Nutch 1.x also has the advantage of having been around for much longer and as a result is a lot more reliable. It also has some features currently missing from 2.x (e.g. pluggable indexing backends).

We can expect the performance in Nutch 2.x to improve a lot as GORA gets more features such as the one mentioned above.

We ran this test on a single server in pseudo distributed mode, but it would be interesting to see what happens on a properly distributed setup. 



Monday 9 July 2012

Nutch 2.0 is out (at last!)

Like pretty much any 2.0 release, Nutch 2.0 marks a radical change from the 1.x branch. I've mentioned 2.0 in previous posts but let's do a bit of history first. Nutch was initially started by Doug Cutting (Lucene's creator) and Mike Caffarella around 2002, then came the MapReduce paper from Google and in 2005 MapReduce was implemented as part of Nutch then became a sub project of Lucene at Apache. You know what happened to Hadoop after that : open source super-stardom, millions of dollars in investment, fierce competition between commercial distributions but also a myriad of related projects (HBase, ZooKeeper, Pig, Hive, Mahout etc...) with in the background the emergence of new concepts such as Big Data or NoSQL.

Meanwhile Nutch tagged along following the various releases of Hadoop but was based on the same architecture. It simply started relying on other projects more and more instead of implementing its own stuff, mainly Apache Tika (another offspring of Nutch) for parsing and extracting metadata from various document formats and Apache SOLR for indexing and searching documents. This made the code much lighter, easier to maintain and also up to date with all sorts of functionalities provided by these projects. However the way we stored and access data in Nutch remained the same since the beginning of Hadoop i.e. SequenceFiles and MapFiles.

Nutch 2.0 (a.k.a NutchGora) started in earnest 2 years ago when one of our clients decided to  invest in the development of a NoSQL-based version of Nutch. There had been a preliminary version called NutchBase developed by Dogacan Guney which was used as a basis except that instead of relying exclusively on HBase, we decided to implement our own Backend-Neutral-MapReduce-friendly-ORM which is now an Apache Top Level Project known as Apache GORA and serializes data with Apache AVRO. GORA provides us with a unified  access to various backends, NoSQL or not, an object-to-datastore mapping mechanism and utilities for MapReduce. This means that Nutch 2.0 can run on HBase, Cassandra, Accumulo or MySQL with just a few configuration files to modify.

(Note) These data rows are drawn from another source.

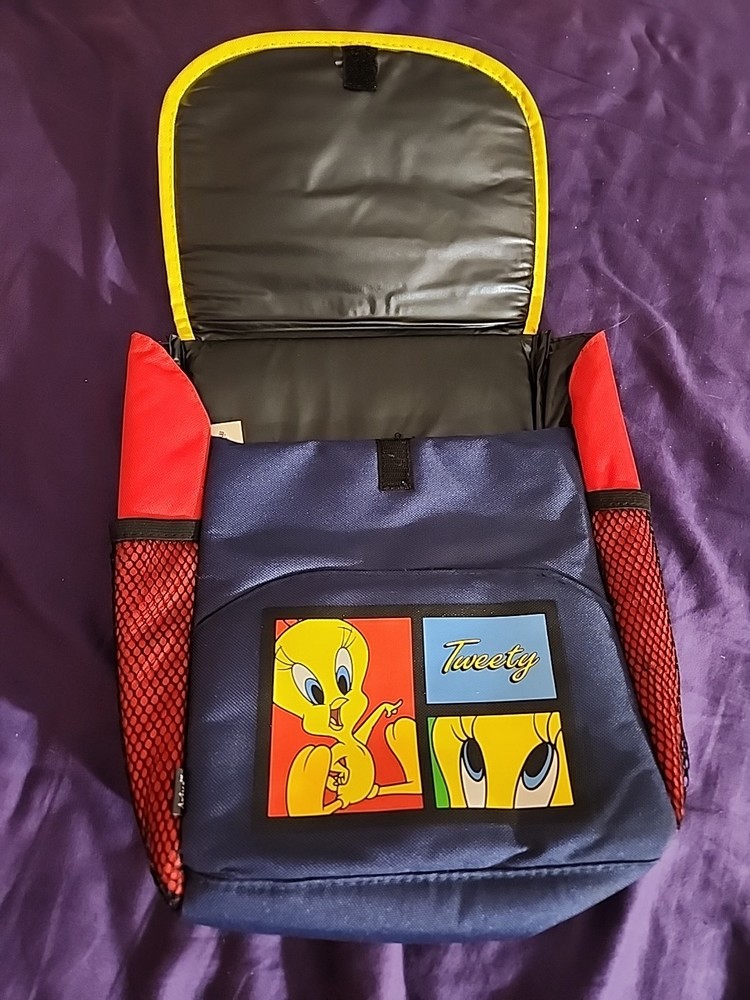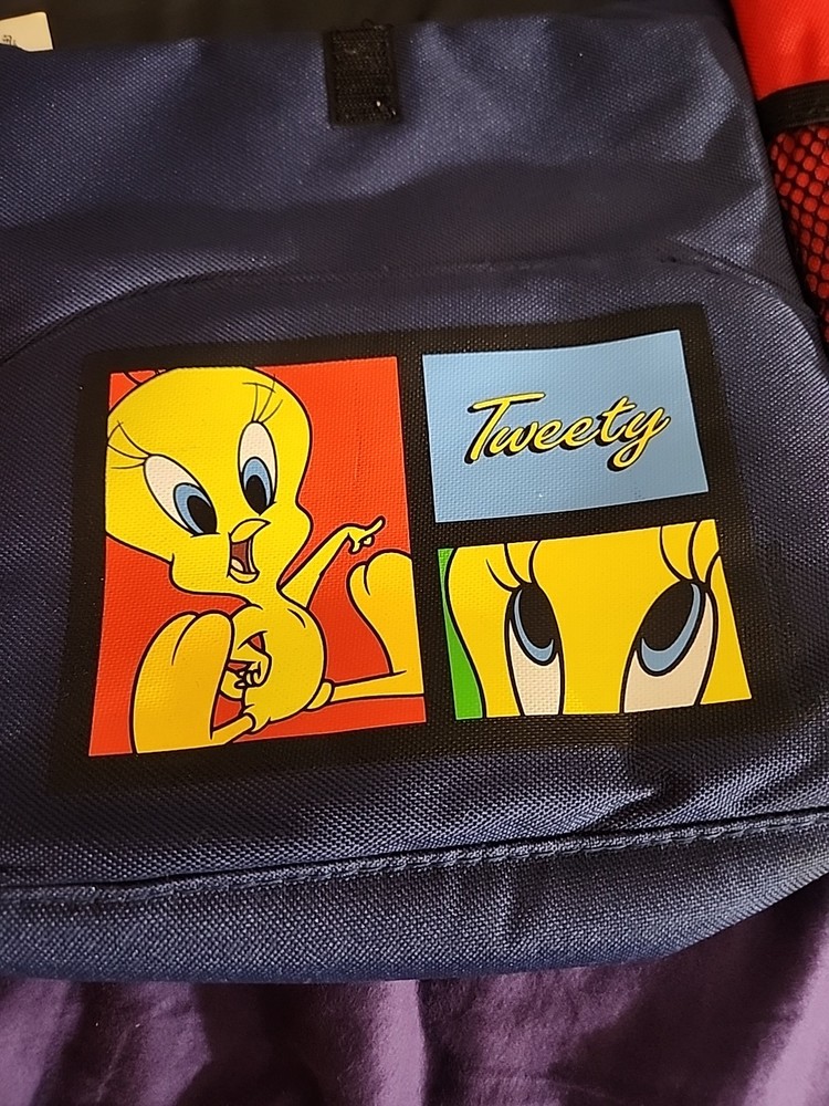 The Vintage 1999 Looney Tunes Tweety Bird Car Litter Bag in red and yellow is a highly sought after and rare collectible item for fans of Warner Bros. Animation. This fabric/canvas bag features the beloved Tweety Bird character from the Looney Tunes franchise, making it a unique piece of animation merchandise. With its multicolor design and cartoon theme, this item is sure to be a standout addition to any collection of animation art and merchandise.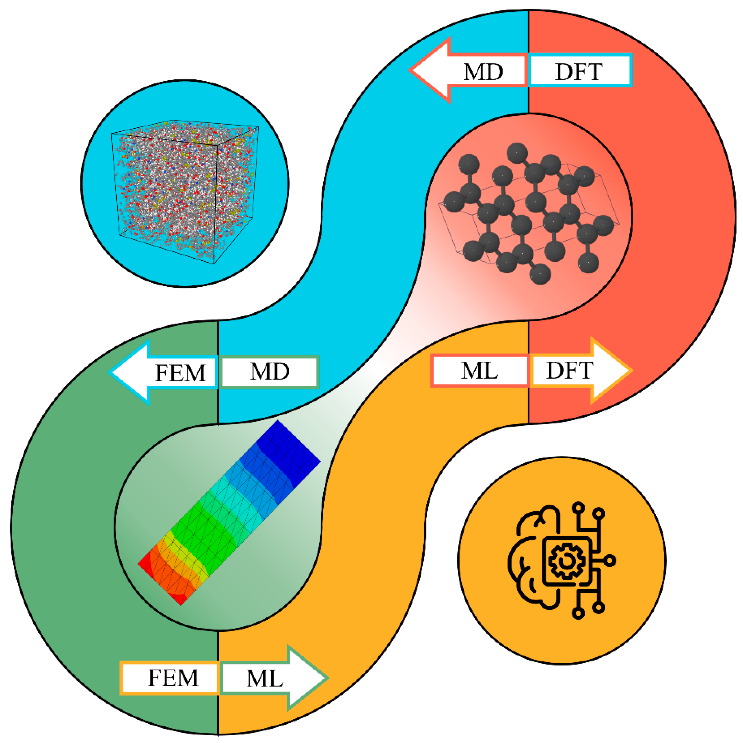 To clarify how information propagates across scales and how to bridge the gap between atomic-level mechanisms and macroscopic performance, an integrated pipeline can be established to create a learning loop that incorporates DFT, MD, FEM, and ML in a sequential and data-driven manner. In this framework, DFT calculations could be the first technique to be utilized for providing fundamental energetic and structural parameters at the atomic scale. These parameters will then be used as the input in MD simulations to model molecular interactions, dynamic behavior, and temperature-dependent responses. The obtained properties via MD, such as elastic modulus, diffusion coefficients, or relaxation times, are subsequently transferred into FEM models to evaluate the mechanical, thermal, or rheological performance at the component or structural scale. Finally, ML models will be trained on datasets generated across all three computational stages, which identify underlying structure–property relationships and enable a comprehensive fundamental understanding, rapid prediction, and optimization of desired systems. The entire process is illustrated in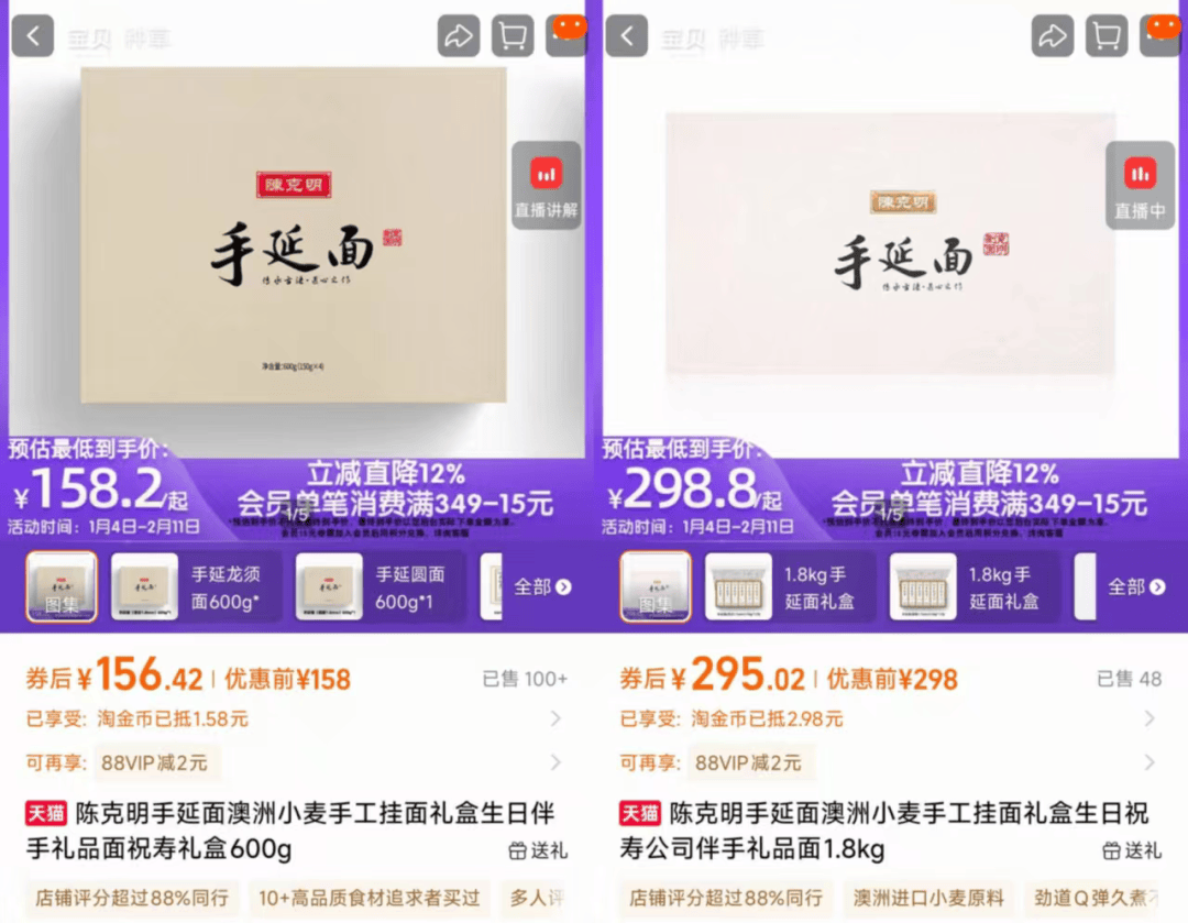 值得一提的是,这两款赠送的面条礼盒并不便宜。在电商平台上搜索相关产品发现,600g陈克明手延面礼盒价格为150元左右,1.8kg的礼盒价格则将近300元,这一价格比市场上的普通面条已然高出数十倍。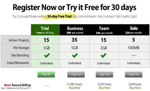 相比之下 ConceptShare 就是個(gè)簡(jiǎn)明易用的典型。注意:列表第四行合并了兩項(xiàng)(用戶和評(píng)審者),從而避免不必要的第五行出現(xiàn)。這是個(gè)美觀且信息充足的價(jià)目表。
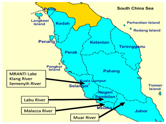 Map of Peninsular Malaysia showing the six selected study locations: MRANTI Lake, Klang River, Semenyih River (Selangor), Labu River (Negeri Sembilan), Malacca River (Melaka), and Muar River (Johor).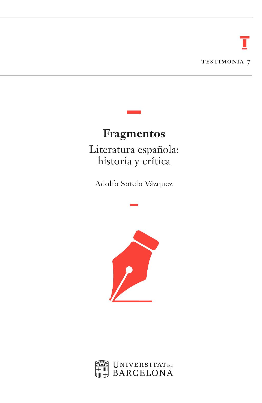 Fragmentos reúne doce estudios escritos entre 1985 y 2022, más de treinta años que representan la vida docente e investigadora del profesor Adolfo Sotelo Vázquez. En sus páginas se abordan temas tan diversos como la personalidad de Francisco Giner de los Ríos y Marcelino Menéndez Pelayo, la relación de La Regenta con la ópera, la labor crítica de Emilia Pardo Bazán, la faceta de ensayista de Miguel de Unamuno o la obra de Federico García Lorca, Camilo José Cela y Carmen Martín Gaite, entre otros autores. La obra recorre, de 1868 a finales del siglo pasado, aspectos clave de la historia de la literatura española, pautada a menudo desde el diapasón de las literaturas comparadas.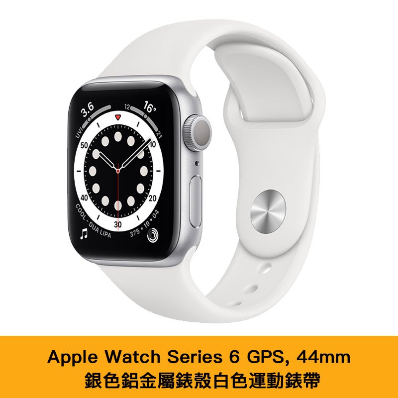 自營 香港倉 Apple蘋果 Watch Series 6 智能手錶 GPS, 44mm 銀色鋁金屬錶殼白色運動錶帶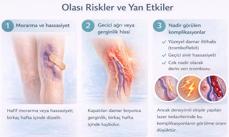 Bazı hastalar kapatılan damar boyunca hafif bir gerginlik veya çekilme hissi tarif edebilir. Bu durum genellikle geçicidir ve birkaç hafta içinde kaybolur.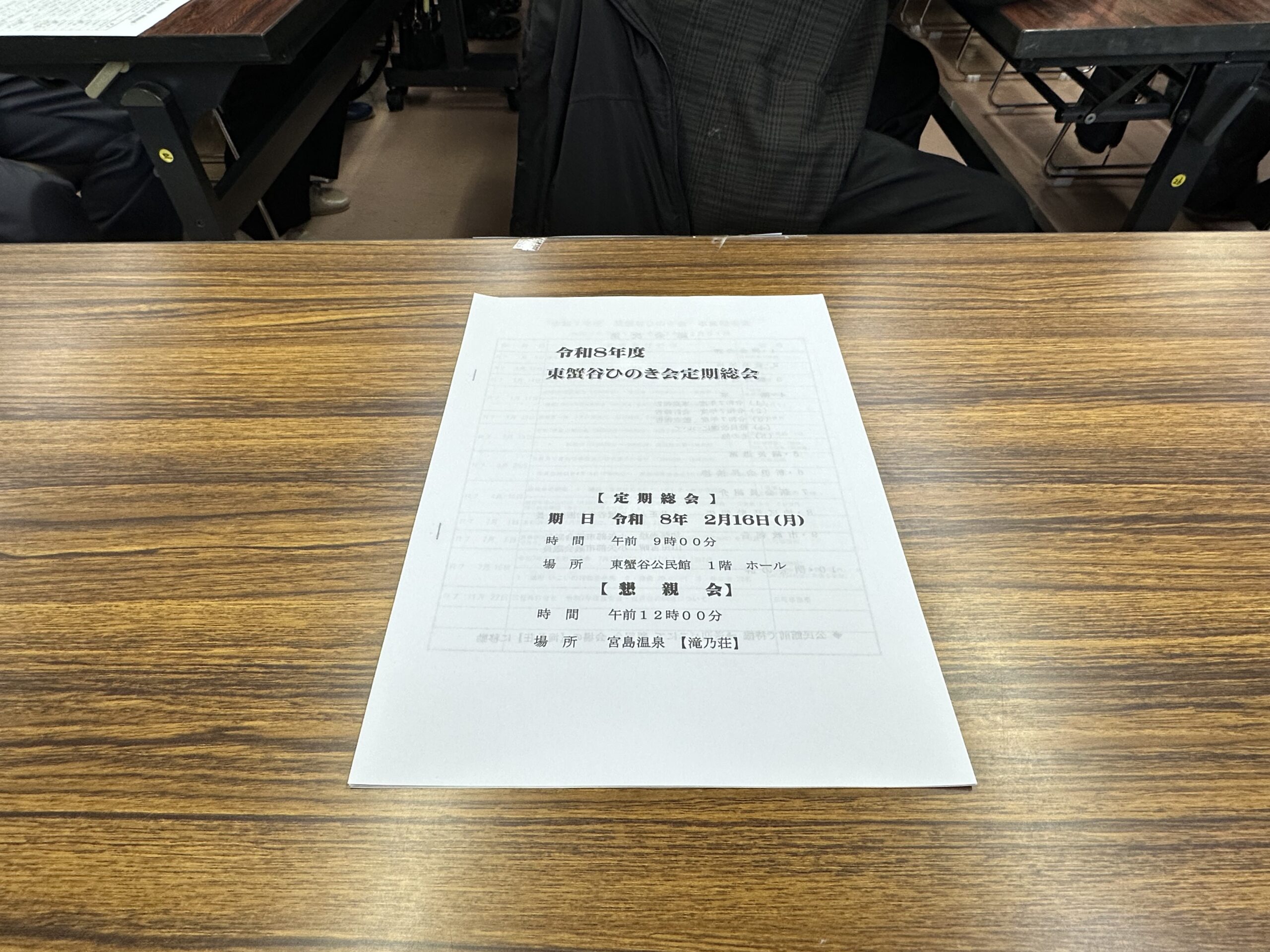 東蟹谷ひのき会 定期総会 2026年2月16日 最終更新日時 : 2026年2月16日 admin 2026年2月16日(月)、 今日は、9時〜、東蟹谷公民館にて、「東蟹谷ひのき会」という会の定期総会が開催され、「市政報告」をさせていただきました。 その後の懇親会は、滝乃荘にて🍶 先輩方から多くのお話を伺いました。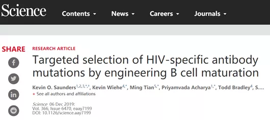 原文出处:Saunders KO, Wiehe K, Tian M, et al. Targeted selection of HIV-specific antibody mutations by engineering B cell maturation[J]. Science. 2019 Dec 6;366(6470). doi: 10.1126/science.aay7199.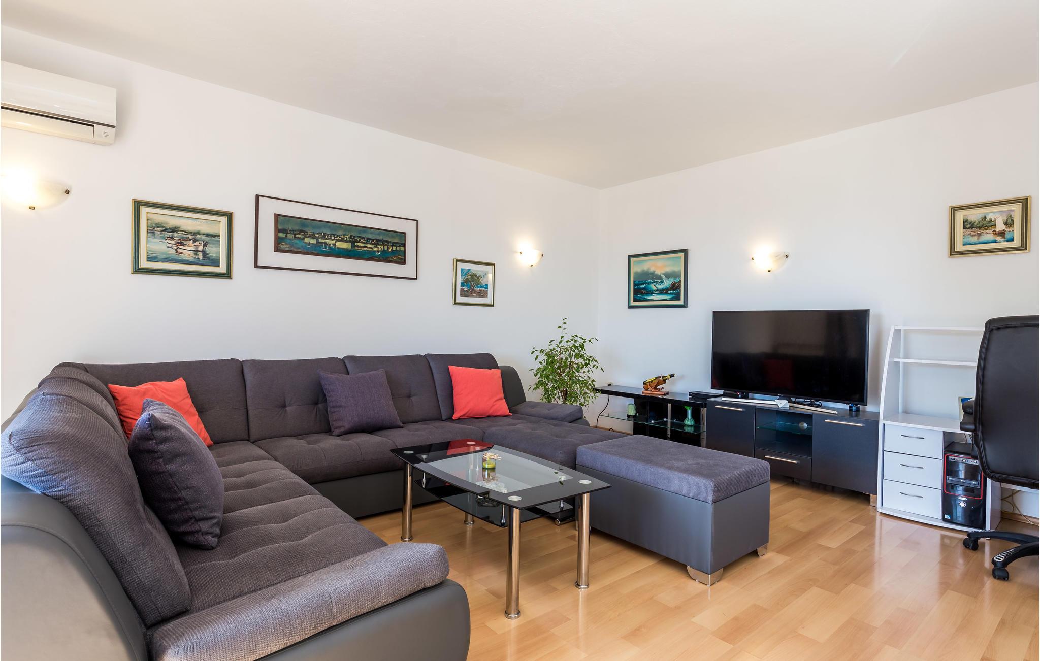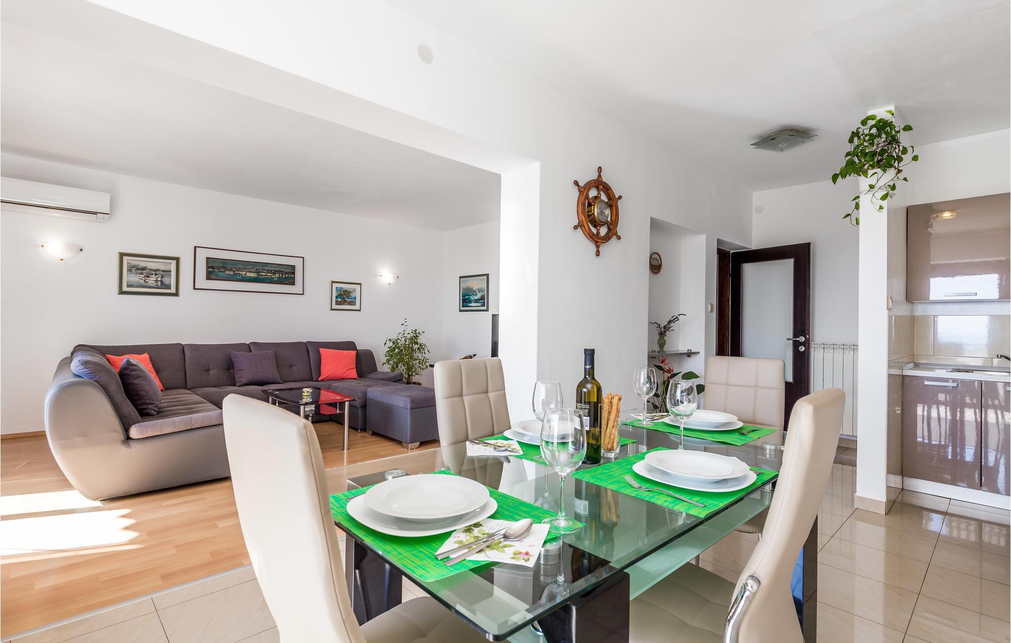 Denne smagfuldt møblerede ferielejlighed ligger i en rolig del af byen Rijeka. Den ligger på første sal i en privat ejendom med to soveværelser, en stue med køkken og to badeværelser. På balkonen kan I nyde feriedagens første solstråler, mens I spiser morgenmad sammen. Der er en fællesterrasse, hvor I kan lære husets andre gæster at kende, når I laver mad på den fælles grill.

One major change in 2.0 is that, instead of having a separation between the status of the URLs (crawlDB) separated from the data for these URLs (content and text in segments) and the webgraph (linkDB), we have a single table-like representation of the data where each entry contains everything we know about a URL, even the links that point to it or the various versions of its content (depending on the backend used). Not having separate segments is definitely good news. One of the side effects is that a fetch or parse step can be resumed. 

From a technical point of view this means that Nutch is not limited to the sequential processing of Hadoop data structures  but can operate at a more atomic level (GET, PUT). Most Nutch tasks are still MapReduce operations though but at least we can get the backends to filter the data and provide only what is needed for a specific task to the MapReduce operations.

The best example of this that I can think of is the update step in a Nutch crawl. Basically what this step does is to merge the information from a round of fetching with the rest of the CrawlDB, typically to change the status of the URLs we have fetched and add the new URLs we have discovered when parsing. With the 1.x branch this is done with a MapReduce operation which takes both the CrawlDB  and the segment as input, reduces on the URLs and updates the status of the CrawlDatum objects in the reduce step. All good. Except that as the crawlDB gets larger and larger, the time taken by the update step gets longer and longer up to a point where it ends up being the slowest part of the crawl. Think about a billion entries in the crawlDB and a single URL to update and you'll get the picture.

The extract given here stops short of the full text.